Однако принцесса не ушла, решив остаться спать здесь, и, как оказалось, правильно сделала — потому что через несколько часов, посреди ночи, до неё снова донеслись голоса. Сначала это были Хайнэ и Онхонто, а потом Хайнэ и его сестра, которая начала восторгаться красотой чужеземца.

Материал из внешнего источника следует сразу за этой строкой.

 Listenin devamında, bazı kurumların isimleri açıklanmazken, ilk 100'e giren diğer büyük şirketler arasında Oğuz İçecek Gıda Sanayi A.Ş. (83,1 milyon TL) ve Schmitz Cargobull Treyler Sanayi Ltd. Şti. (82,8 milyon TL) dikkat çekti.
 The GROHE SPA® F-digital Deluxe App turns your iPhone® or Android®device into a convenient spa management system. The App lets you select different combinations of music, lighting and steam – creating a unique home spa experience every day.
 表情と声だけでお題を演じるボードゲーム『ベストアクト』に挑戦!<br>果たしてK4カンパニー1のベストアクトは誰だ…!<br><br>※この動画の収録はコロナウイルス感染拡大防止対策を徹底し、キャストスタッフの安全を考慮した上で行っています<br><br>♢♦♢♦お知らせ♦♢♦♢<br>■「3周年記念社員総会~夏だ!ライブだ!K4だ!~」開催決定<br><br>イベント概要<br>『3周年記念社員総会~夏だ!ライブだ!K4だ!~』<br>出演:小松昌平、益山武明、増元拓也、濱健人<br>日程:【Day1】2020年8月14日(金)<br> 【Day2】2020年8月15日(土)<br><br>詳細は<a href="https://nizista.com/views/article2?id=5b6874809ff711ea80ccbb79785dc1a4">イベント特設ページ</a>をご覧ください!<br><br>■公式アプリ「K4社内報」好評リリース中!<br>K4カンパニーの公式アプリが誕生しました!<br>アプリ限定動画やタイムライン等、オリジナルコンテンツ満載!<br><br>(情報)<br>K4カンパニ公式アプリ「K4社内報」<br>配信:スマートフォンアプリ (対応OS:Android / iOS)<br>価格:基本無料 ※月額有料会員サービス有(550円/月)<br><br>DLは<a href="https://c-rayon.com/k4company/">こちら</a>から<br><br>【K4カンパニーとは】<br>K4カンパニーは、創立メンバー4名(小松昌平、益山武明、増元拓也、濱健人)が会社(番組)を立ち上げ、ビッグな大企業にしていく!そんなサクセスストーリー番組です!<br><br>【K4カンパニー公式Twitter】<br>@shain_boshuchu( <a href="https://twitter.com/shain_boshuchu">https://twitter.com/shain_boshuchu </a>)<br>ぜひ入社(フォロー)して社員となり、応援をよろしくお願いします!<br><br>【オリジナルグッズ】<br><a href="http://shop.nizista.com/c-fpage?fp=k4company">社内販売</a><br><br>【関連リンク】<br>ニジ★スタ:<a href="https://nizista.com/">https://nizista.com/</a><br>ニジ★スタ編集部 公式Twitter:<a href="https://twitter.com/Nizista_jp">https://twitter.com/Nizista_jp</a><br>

«Что же это получается? — подумала принцесса, похолодев. — Теперь не только калека, но и эта девица Санья видела
Инцидент разъяснился скоро: Хайнэ сам позвал слуг, и его сестра залепетала слова объяснения — она, дескать, заблудилась в саду после приёма, а потом случайно встретила брата, и тот привёл её сюда.
Принцессу душила ярость.
Не столько к этой глупенькой девице, сестре калеки, которая увидела лицо её будущего мужа раньше других и посмела так неприкрыто, так влюблённо восхищаться его красотой, сколько ко всем Санья вообще. Произошедшее было лишь очередным подтверждением факта, глодавшего принцессу изнутри: именно Санья — истинные хозяева в государстве, и даже эти, побочная ветвь, жалкие, ничего из себя не представляющие родственники Даран, даже они хозяйничают в её дворце — точно так же, как
Таик позвала слуг.
— Я слышала, господин Санья жалуется на боль в ногах, — ледяным тоном промолвила она. — Вероятно, это помешает ему уснуть. Принесите ему снотворный чай, чтобы он крепко проспал до самого утра, и ничто не смогло его побеспокоить.
Подождав необходимое время, она поднялась на ноги и без сопровождения слуг отправилась в комнату Хайнэ.

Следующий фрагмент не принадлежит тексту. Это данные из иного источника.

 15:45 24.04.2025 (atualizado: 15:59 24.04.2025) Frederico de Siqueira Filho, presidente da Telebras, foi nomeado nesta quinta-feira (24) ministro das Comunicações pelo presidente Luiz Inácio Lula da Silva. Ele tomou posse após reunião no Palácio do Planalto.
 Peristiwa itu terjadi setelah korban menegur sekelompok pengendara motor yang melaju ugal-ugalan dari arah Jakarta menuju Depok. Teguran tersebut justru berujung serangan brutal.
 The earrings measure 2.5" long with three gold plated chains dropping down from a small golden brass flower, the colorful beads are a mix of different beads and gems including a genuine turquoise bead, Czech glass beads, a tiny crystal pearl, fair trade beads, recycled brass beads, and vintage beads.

Заперев изнутри двери, она сделала несколько шагов по комнате, и взгляд её вдруг упал на нож, лежавший на тарелке с фруктами.
Острая мысль пронзила её: схватить этот нож, воткнуть проклятому Санье в горло! Купаться в его божественной крови, да — собрать её в чашу, вылить в ванну, в мраморный бассейн, и купаться в нём!

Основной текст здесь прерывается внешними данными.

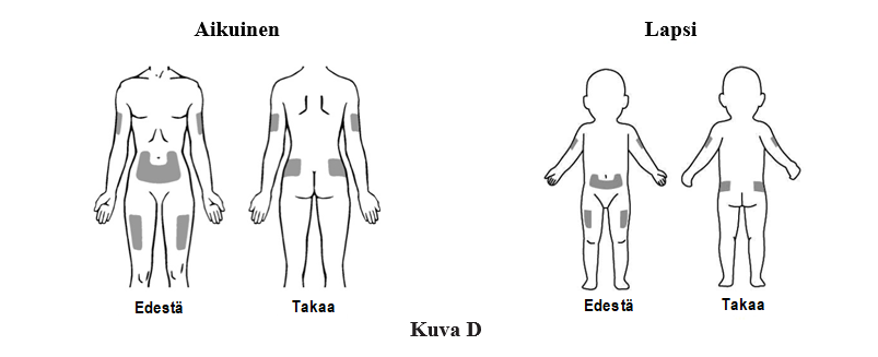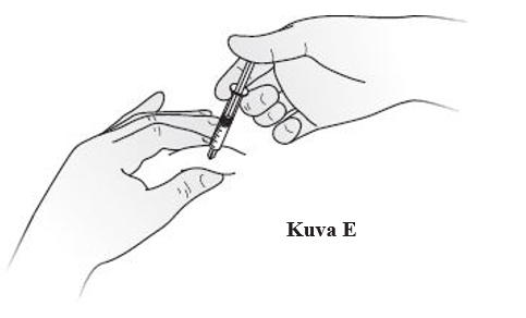 3. Ruiskuta lääke hitaasti ja tasaisesti, ja pidä koko ajan ihopoimua sormien välissä kuvan E mukaisesti.
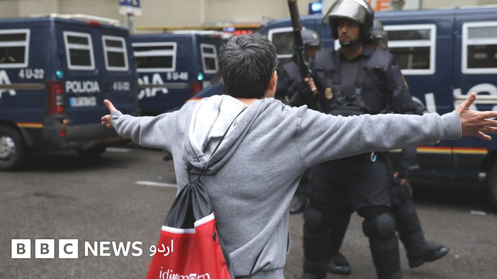 پولیس ووٹروں کو بارسلونا کے پولنگ سٹیشنوں میں داخلے سے روک رہی ہے۔
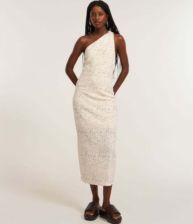 Vestido midi com decote um obro só, sem manga, confeccionado em poliéster com elastano e texturizada.
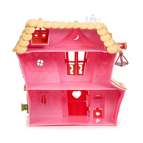 С одной стороны домика – закрытый фасад, с другой – открытые помещения с комнатками. Домик трехэтажный, внизу находится кухня, на втором этаже – ванна и спальни, а на чердаке живут любимые питомцы подружек Лалалупси. В домике открываются окна и двери, есть даже специальный лифт для животных!
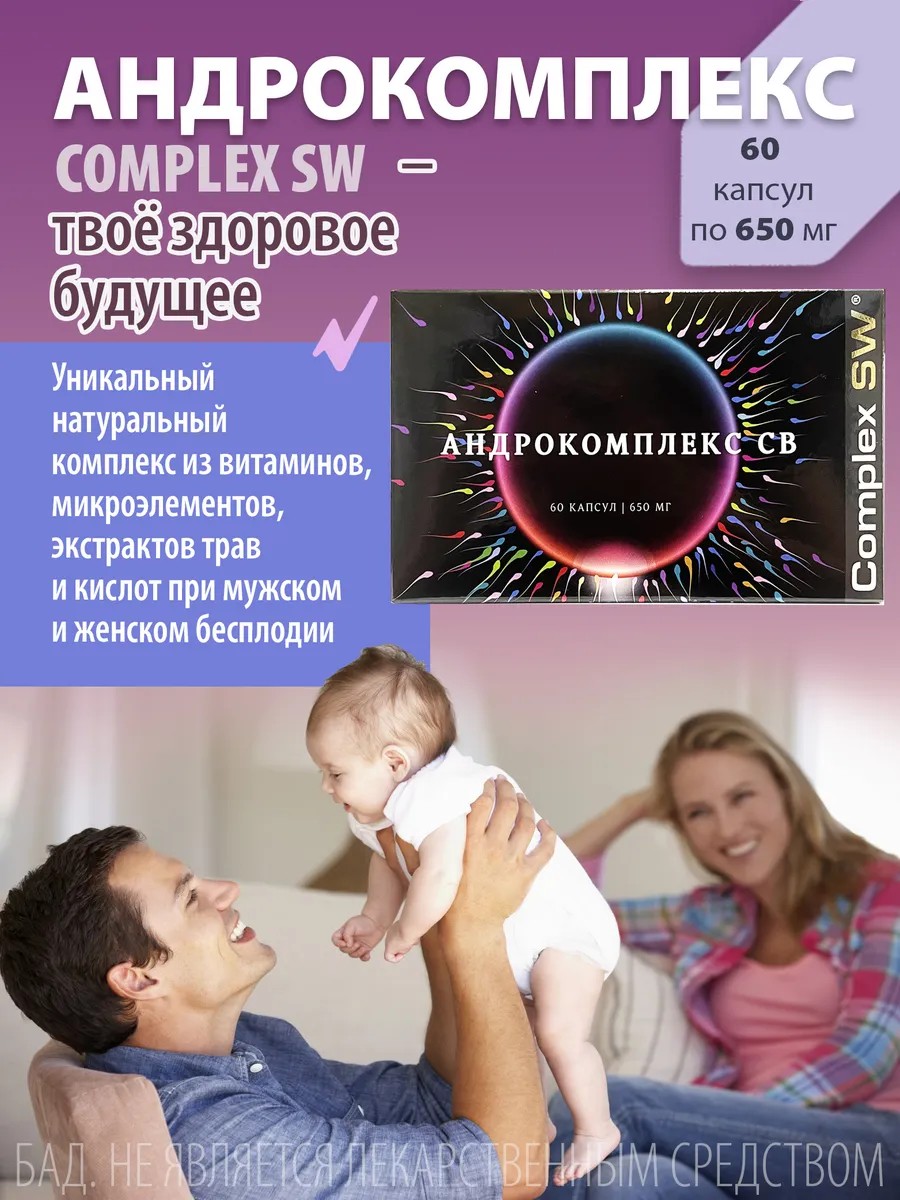Андрокомплекс - уникальный натуральный комплекс из витаминов, микроэлементов, экстрактов трав и аминокислот для нормализации работы репродуктивной системы при подготовке к зачатию, мужском и женском бесплодии.
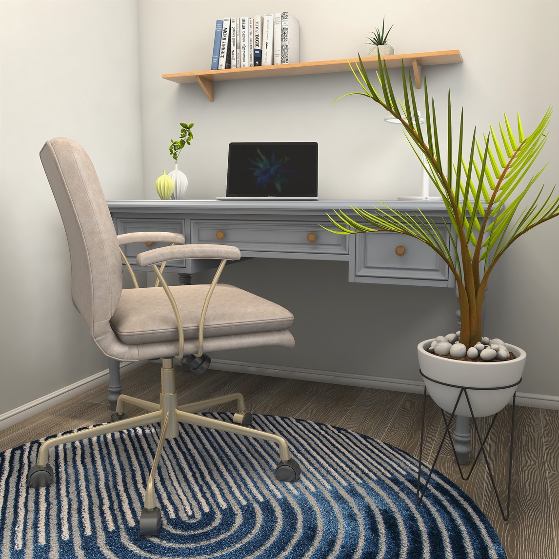 使用了暖色加冷色的对比,让书房的简单与干净气氛来帮助你更快更沉浸的进入到工作或者阅读的情境下去,让工作变得更加有效率。
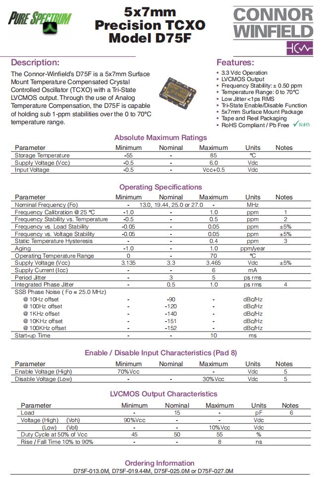D75F-027.0M,7050mm晶振,6G無線網絡晶振,ConnorWinfield晶振,美國進口晶振,D75F有源晶振,D75F-027.0M晶振,溫補晶體振蕩器,7050mm晶振,石英貼片晶振,頻率27MHz,電壓3.3V,工作溫度0~70°C,頻率穩定性0.5ppm,低抖動晶振,無鉛環保晶振,6G無線網絡晶振,移動應用晶振, 消費電子產品晶振, 便攜式電子設備晶振,網絡終端晶振.
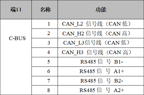 GCAN-GT-419模塊C-bus接口由2個4 Pin接線端子引出,有2個獨立的CAN接口,和2個獨立的485接口。其接口定義如表所示。
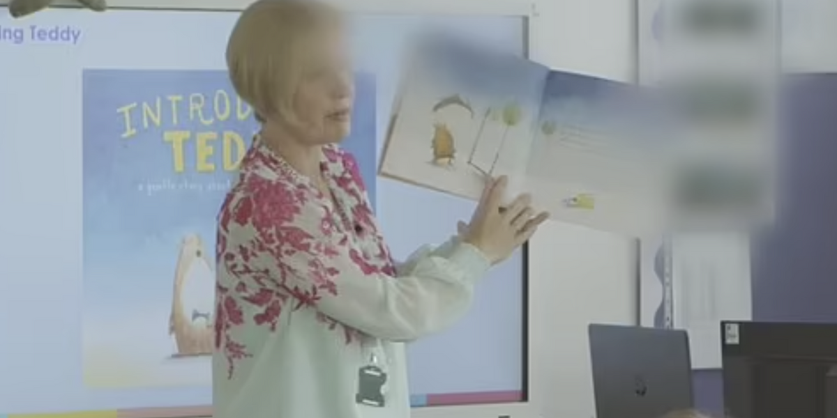 Video footage has emerged of a teacher reading a book about a trans teddy to a group of children.
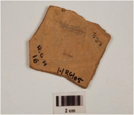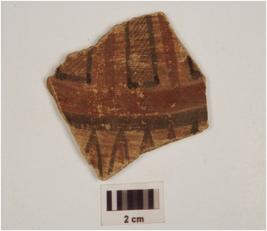 | Description / विवरण | A fragment of dull red ware, treated with buff slip, painted with vertical line and three strokes, suspended triangles with horizontal band in black pigment on the exterior. |
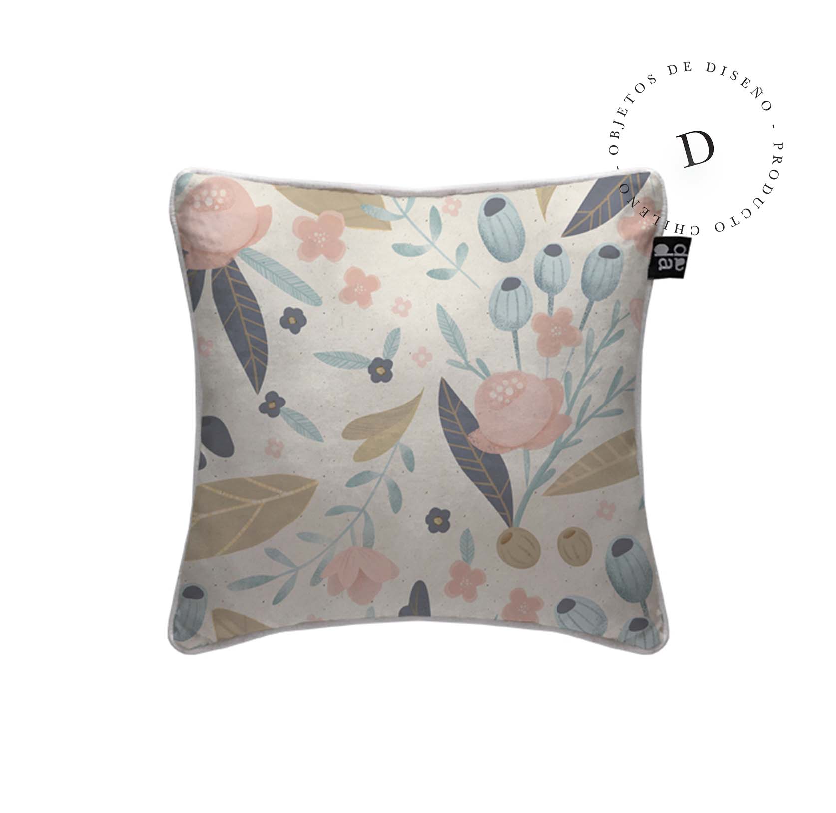 1. Cojín 45 x 45 cm: Diseño por ambos lados, con cordón perimetral, cierre invisible, relleno algodón sintético removible.
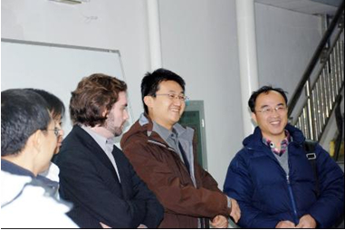 计算机学院副院长牛振东教授代表计算机学院致辞,鼓励实验室人员要积极促进国际先进技术与国内产业界尽早的融合,为学院教学和科研提供更多支持。

На мгновение принцессе стало страшно: она явственно почувствовала, как тень безумия, которая нависла над её матерью, простёрла свою чёрную длань и над ней самой.
Но потом она заставила себя успокоиться: что за глупость. Разумеется, она хочет избавиться от всех Санья, но не так, как это делает живодёр с животными, предназначенными на убой, а так, как делает Императрица — казнив за государственную измену.
Сдержав дрожь, она приблизилась к постели Хайнэ и откинула полог.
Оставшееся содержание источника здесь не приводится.